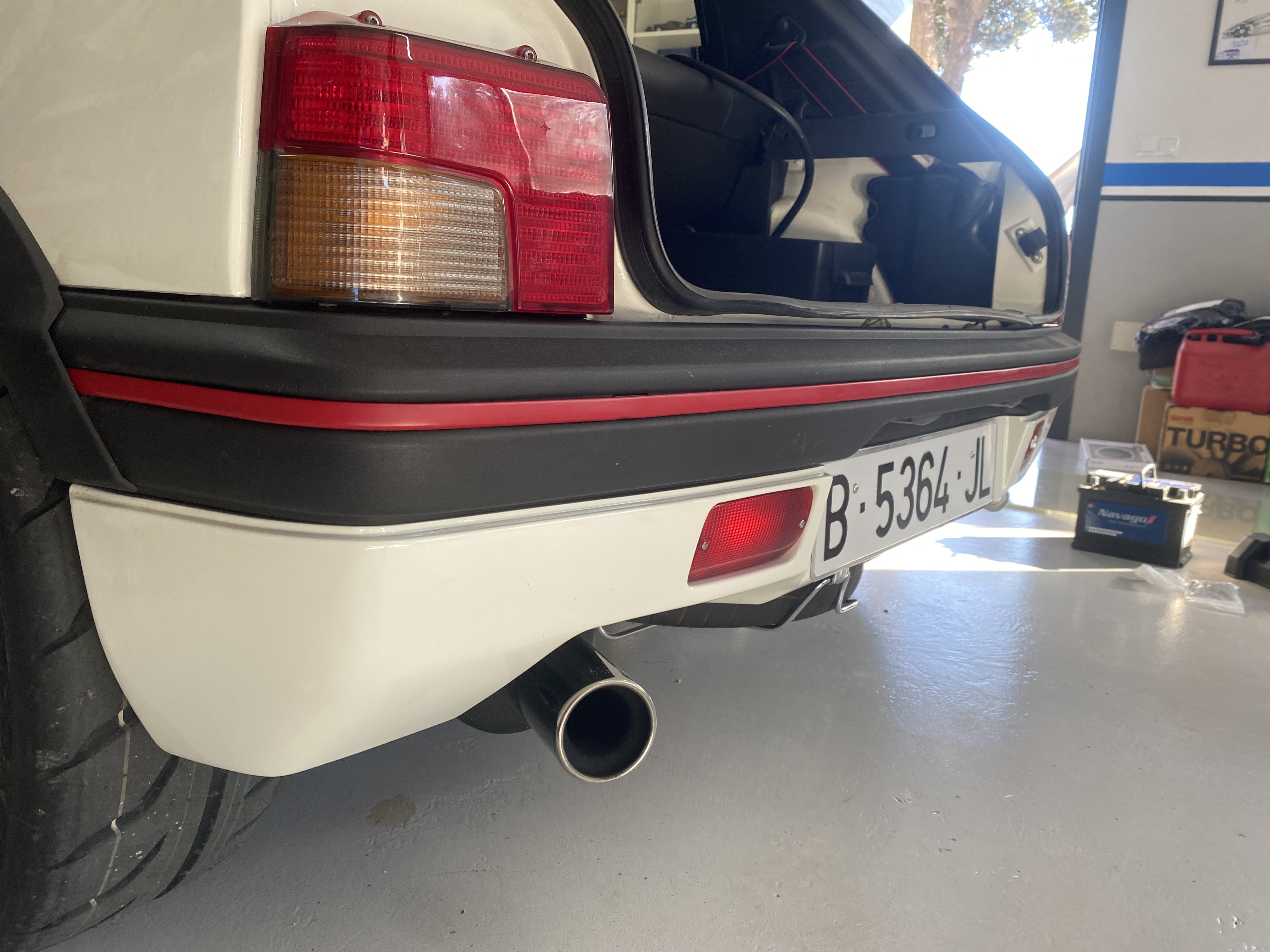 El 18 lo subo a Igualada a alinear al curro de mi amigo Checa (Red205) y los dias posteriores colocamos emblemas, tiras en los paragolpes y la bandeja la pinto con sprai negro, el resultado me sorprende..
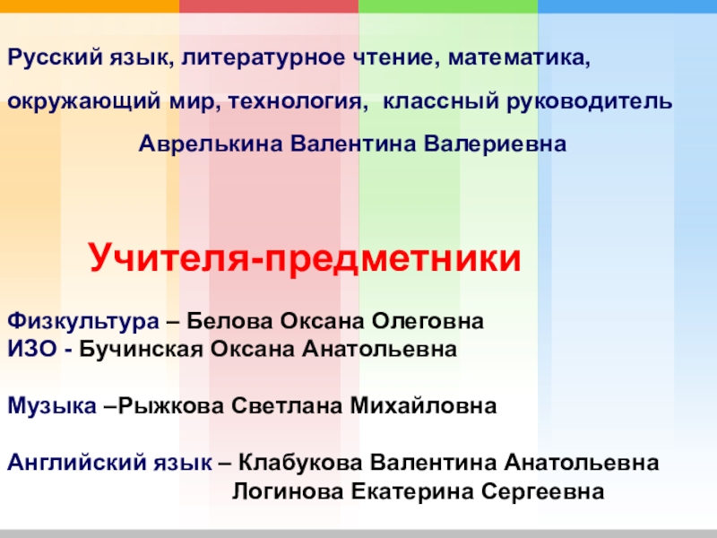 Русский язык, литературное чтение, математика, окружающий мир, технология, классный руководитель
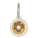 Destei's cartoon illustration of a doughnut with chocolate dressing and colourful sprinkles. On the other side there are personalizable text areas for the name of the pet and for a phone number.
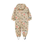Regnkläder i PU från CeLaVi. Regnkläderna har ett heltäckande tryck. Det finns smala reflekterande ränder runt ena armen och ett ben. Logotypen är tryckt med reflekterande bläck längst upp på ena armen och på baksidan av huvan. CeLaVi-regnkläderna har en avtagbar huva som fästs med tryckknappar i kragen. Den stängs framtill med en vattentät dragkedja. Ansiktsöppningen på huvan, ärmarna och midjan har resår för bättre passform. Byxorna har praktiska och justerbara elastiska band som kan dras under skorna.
* * *
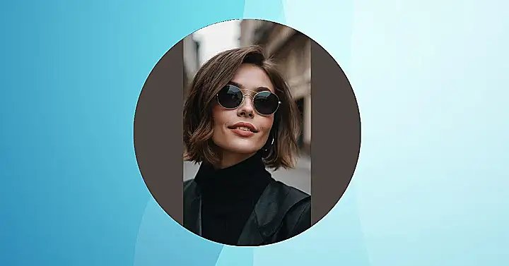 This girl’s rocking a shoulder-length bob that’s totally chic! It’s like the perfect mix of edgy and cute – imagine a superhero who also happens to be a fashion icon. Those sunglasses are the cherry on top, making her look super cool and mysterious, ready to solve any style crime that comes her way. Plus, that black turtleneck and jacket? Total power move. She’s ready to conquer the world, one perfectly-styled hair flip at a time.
==
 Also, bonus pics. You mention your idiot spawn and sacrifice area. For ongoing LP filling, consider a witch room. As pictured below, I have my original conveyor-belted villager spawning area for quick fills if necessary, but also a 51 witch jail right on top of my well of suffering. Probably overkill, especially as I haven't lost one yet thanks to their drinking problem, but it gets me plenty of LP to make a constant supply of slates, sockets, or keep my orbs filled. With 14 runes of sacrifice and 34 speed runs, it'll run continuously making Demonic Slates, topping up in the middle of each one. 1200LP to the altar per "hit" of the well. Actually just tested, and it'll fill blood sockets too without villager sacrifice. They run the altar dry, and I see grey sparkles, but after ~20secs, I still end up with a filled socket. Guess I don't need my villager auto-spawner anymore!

WHAT THIS TASK INVOLVES -
Quote word for word only the lines above from the one containing "Русский язык, литературное" through the one containing "Destei's cartoon illustration". Pictures stay out of your copy.

SOLUTION TO THIS EXERCISE -
 Русский язык, литературное чтение, математика, окружающий мир, технология, классный руководитель
 Destei's cartoon illustration of a doughnut with chocolate dressing and colourful sprinkles. On the other side there are personalizable text areas for the name of the pet and for a phone number.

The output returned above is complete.